> YOUR ASSIGNMENT
Line by line, give the data again exactly as it appears, but without pictures.

> DATASET CONTENT
^^^^^^^^

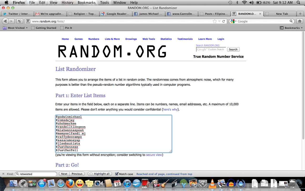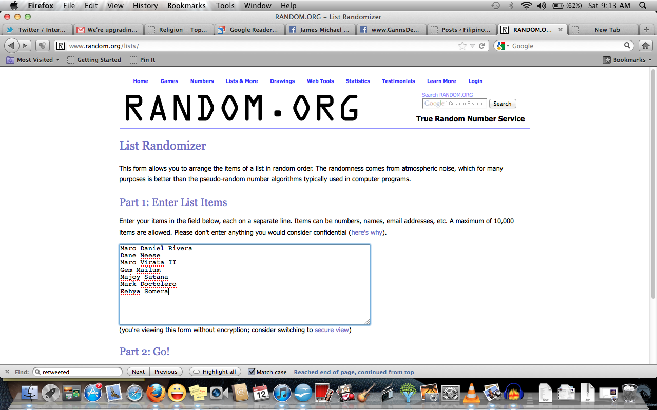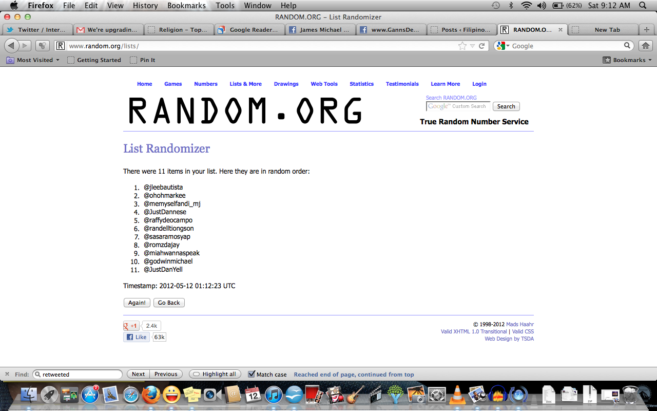 Screenshot of the randomized list. The person on top is the winner, so congratulations to Mark Daniel Rivera for winning a Planetshakers Heal Our Land CD/DVD combo! Yay!
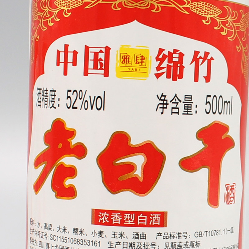 雅肆500ml绵竹产52度60度白酒
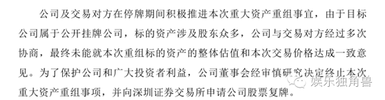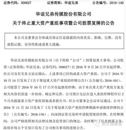 12月6日晚,华谊兄弟发布公告,称公司原拟以发行股份的方式收购新三板挂牌公司英雄互娱部分股份,由于目标公司属于公开挂牌公司,资产涉及股东众多,经多次协商最终未能就交易价格达成一致意见。华谊兄弟为了保护公司和广大投资者利益,公司董事会经审慎研究决定终止本次重大资产重组事项,并向深圳证券交易所申请公司股票于12月7日复牌。
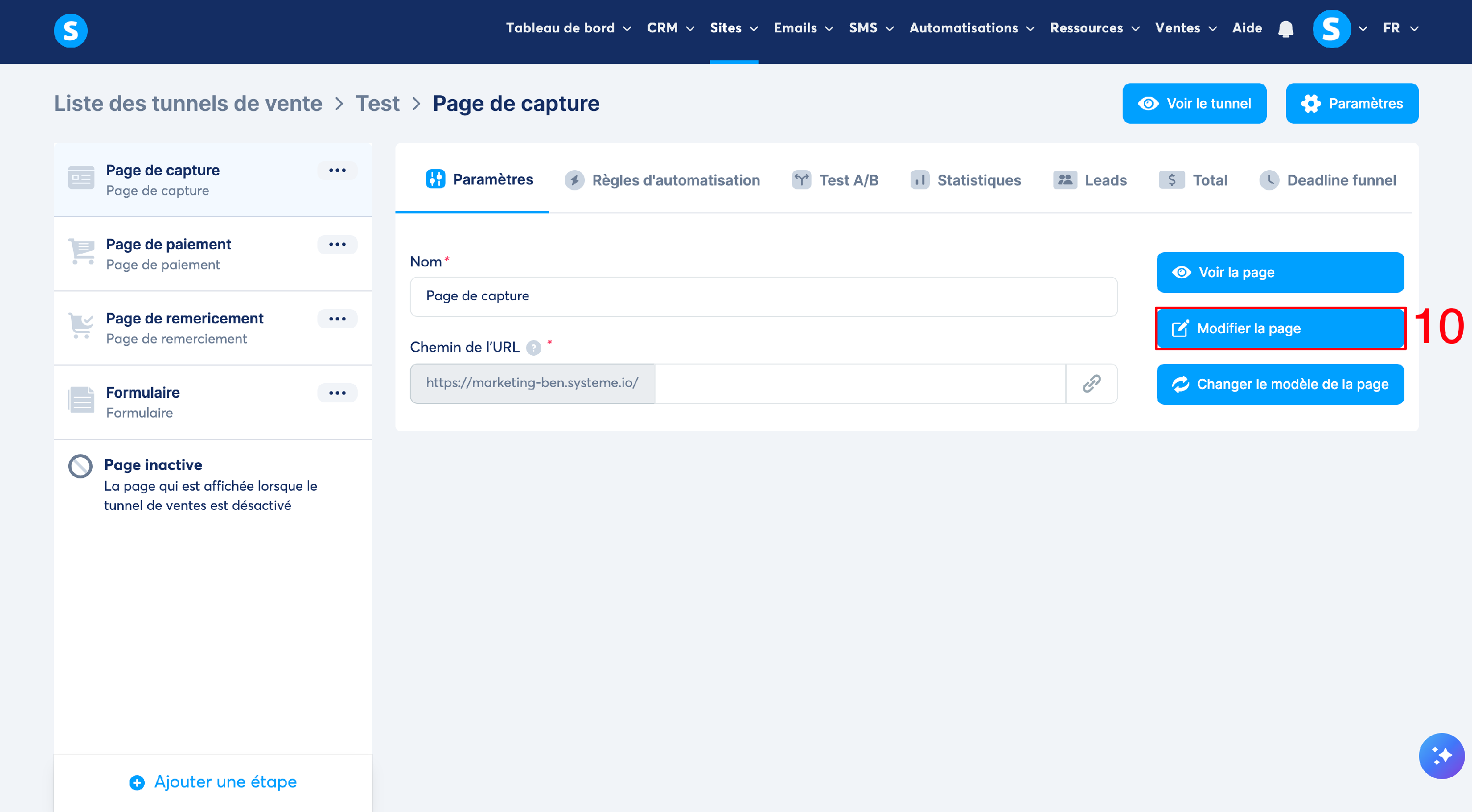 Vous pouvez ensuite modifier votre formulaire popup, en cliquant sur le bouton "Modifier la page" (numéro 10 sur l'image)

^^^^^^^^

> REPLY
 Screenshot of the randomized list. The person on top is the winner, so congratulations to Mark Daniel Rivera for winning a Planetshakers Heal Our Land CD/DVD combo! Yay!
 雅肆500ml绵竹产52度60度白酒
 12月6日晚,华谊兄弟发布公告,称公司原拟以发行股份的方式收购新三板挂牌公司英雄互娱部分股份,由于目标公司属于公开挂牌公司,资产涉及股东众多,经多次协商最终未能就交易价格达成一致意见。华谊兄弟为了保护公司和广大投资者利益,公司董事会经审慎研究决定终止本次重大资产重组事项,并向深圳证券交易所申请公司股票于12月7日复牌。
 Vous pouvez ensuite modifier votre formulaire popup, en cliquant sur le bouton "Modifier la page" (numéro 10 sur l'image)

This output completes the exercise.